A decade ago, US-listed corporates Intel and Apple had acquired strategic stakes in Imagination, with Intel Capital reaping a positive investment return on a majority sale of its stake a few years later. But while Apple renewed its supplier agreement with Imagination in January this year, the uncertainty over its plans had allowed Canyon Bridge, a US-based VC firm backed by Chinese investors, to buy into the business in 2017.

And while US-listed Zoom has gone from 10 million to 200 million daily users in the past few weeks(!), that comes with pain, according to noted investor Benedict Evans, who said in his weekly newsletter (disclosure: we are one of those increasingly active users): “A lot of the flaws people found look like simple product decisions to make installing and using easier – for example, it used the Facebook SDK so you could log-in with Facebook, but that sends some device data to Facebook.

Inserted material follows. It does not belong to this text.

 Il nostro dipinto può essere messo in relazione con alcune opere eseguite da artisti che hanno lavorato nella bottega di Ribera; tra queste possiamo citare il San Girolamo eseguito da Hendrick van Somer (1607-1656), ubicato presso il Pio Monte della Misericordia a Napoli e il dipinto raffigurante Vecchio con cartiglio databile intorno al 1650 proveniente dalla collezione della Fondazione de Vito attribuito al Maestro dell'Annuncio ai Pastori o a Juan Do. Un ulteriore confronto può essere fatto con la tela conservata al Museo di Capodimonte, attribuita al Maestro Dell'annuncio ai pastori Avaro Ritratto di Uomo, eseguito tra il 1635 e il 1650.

“But it also claimed it was end-to-end encrypted and is not, and some of the traffic goes through Chinese servers, and so one has to assume that the Chinese state could listen in to anything if it wanted to. To its credit, Zoom has responded pretty well to most of these concerns, and some of this can be over-played (it seems pretty silly for a school system to ban it in case the Chinese intelligence agencies are listening to drama class), but I am not sure the UK cabinet should carry on using [Zoom].”

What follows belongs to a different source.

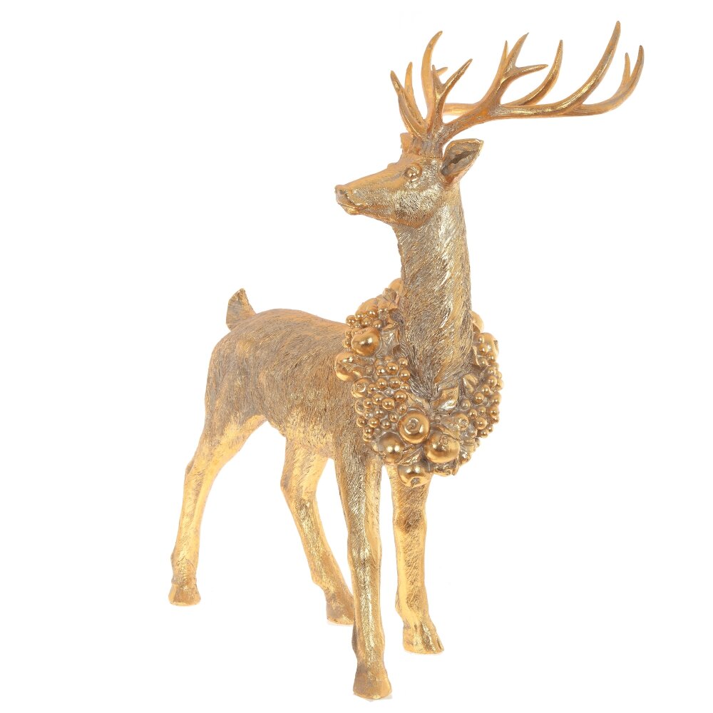 Этот благородный олень с рожденственским ожерельем на шее с удовольствием украсит своим присутствием ваш праздничный дом. Он замер в грациозной позе, позволяя любоваться его необыкновенной красотой.

As US-China tensions remain high, other countries’ technologies remain important battlegrounds for strategic influence, and corporate venturers need to tread carefully.

I am delighted to share this thoughtful reader feedback from Neil Foster, global chair of the technology sector team at law firm Brown Rudnick, in response to our editorial yesterday:

  1. Loans are being offered by bailed out UK banks to emerging technology companies at 15-30% plus personal guarantees, because the banks don’t understand tech’s value. Banks understand revenues not IP. Their model is simply unsuited to innovator companies. So when they are told to lend, they offer terms which cannot be accepted, such as personal guarantees by directors.
  2. The US CARES Act appears to be substantially better, although it too has flaws. It will however save jobs. The loans are forgiven if, once the world returns to work, the jobs are saved. If not the interest is mandatorily low, unlike in the UK scheme.
  3. Equity is the only source of capital that doesn’t further impair solvency, but no one wants long term government equity investment, so an equity bridge facility is a good solution (or matched funding without red tape and delay). The team of VCs who lobbied the government last weekend on this point were right to do so, not “irritating”.
  4. Not all funds can bridge: some are closed, some have LP withdrawals, some simply aren’t well capitalised in the UK, and (for pre-series B), the UK relies on high nets, CVCs, EIS/VCTs, and not just funds.
  5. Enhancements to EIS (Enterprise Investment Schemes) for this one tax year would be the big winner. Uncapped EIS equity investments with tax relief at the tax-payer’s top marginal rate would save jobs now and allow tech companies to plan for the longer term, unlike other options. This could have the effect of the UK’s high-net-worth individuals bailing out the technology sector, rather than the government, and with long term capital, not debt on egregious terms.

Emerging companies require equity funding every year, and a large slice of this generation of innovator companies may simply die away this summer, stifling the very innovation that is utterly vital, now more than ever.

No one knows which company will become the next Arm Holdings, Sophos, Oxford Nanopore, SkyScanner or Babylon Health when they start. Now is not the time to cling to the true believer’s claim that only the fittest should survive.

Today, the issue is that it won’t be the fittest, just those with the timing to have just closed a financing round last month rather than trying to do so next month. The key is for innovator companies to survive the summer, in relation to which the government can and should help.”

By James Mawson

James Mawson is founder and chief executive of Global Venturing.